(STORED DATA)
::::

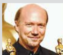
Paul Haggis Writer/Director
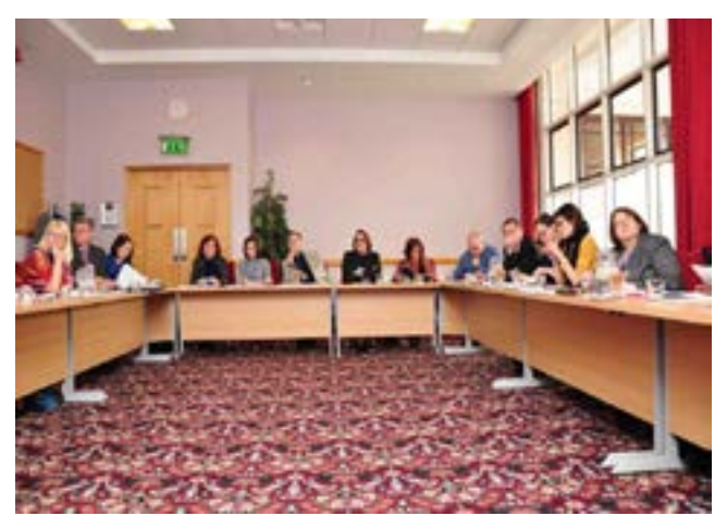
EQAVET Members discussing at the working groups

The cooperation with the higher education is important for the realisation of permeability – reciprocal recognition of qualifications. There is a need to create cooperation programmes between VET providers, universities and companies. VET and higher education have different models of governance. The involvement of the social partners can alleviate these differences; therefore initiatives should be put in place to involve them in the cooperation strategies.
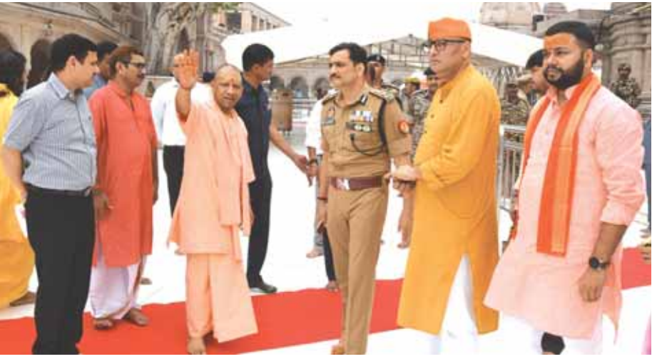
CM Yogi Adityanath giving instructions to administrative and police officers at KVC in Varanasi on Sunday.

::::

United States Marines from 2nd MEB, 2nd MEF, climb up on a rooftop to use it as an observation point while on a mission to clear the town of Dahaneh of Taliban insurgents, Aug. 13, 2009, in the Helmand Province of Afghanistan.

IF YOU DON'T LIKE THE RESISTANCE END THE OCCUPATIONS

::::

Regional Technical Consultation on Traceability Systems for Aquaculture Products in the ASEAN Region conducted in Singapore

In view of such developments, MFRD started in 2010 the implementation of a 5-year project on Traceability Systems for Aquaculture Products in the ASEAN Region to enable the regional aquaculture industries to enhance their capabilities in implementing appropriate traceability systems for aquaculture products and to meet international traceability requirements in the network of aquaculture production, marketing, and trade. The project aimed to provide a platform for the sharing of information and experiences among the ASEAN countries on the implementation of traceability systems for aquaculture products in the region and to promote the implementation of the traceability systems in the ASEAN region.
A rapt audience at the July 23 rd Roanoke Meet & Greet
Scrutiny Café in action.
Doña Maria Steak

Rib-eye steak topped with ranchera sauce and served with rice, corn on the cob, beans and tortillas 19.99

::::

(TASK DETAILS)
Every line in the data above that contains "ASEAN" needs to be copied.

(FINAL ANSWER)
Regional Technical Consultation on Traceability Systems for Aquaculture Products in the ASEAN Region conducted in Singapore
In view of such developments, MFRD started in 2010 the implementation of a 5-year project on Traceability Systems for Aquaculture Products in the ASEAN Region to enable the regional aquaculture industries to enhance their capabilities in implementing appropriate traceability systems for aquaculture products and to meet international traceability requirements in the network of aquaculture production, marketing, and trade. The project aimed to provide a platform for the sharing of information and experiences among the ASEAN countries on the implementation of traceability systems for aquaculture products in the region and to promote the implementation of the traceability systems in the ASEAN region.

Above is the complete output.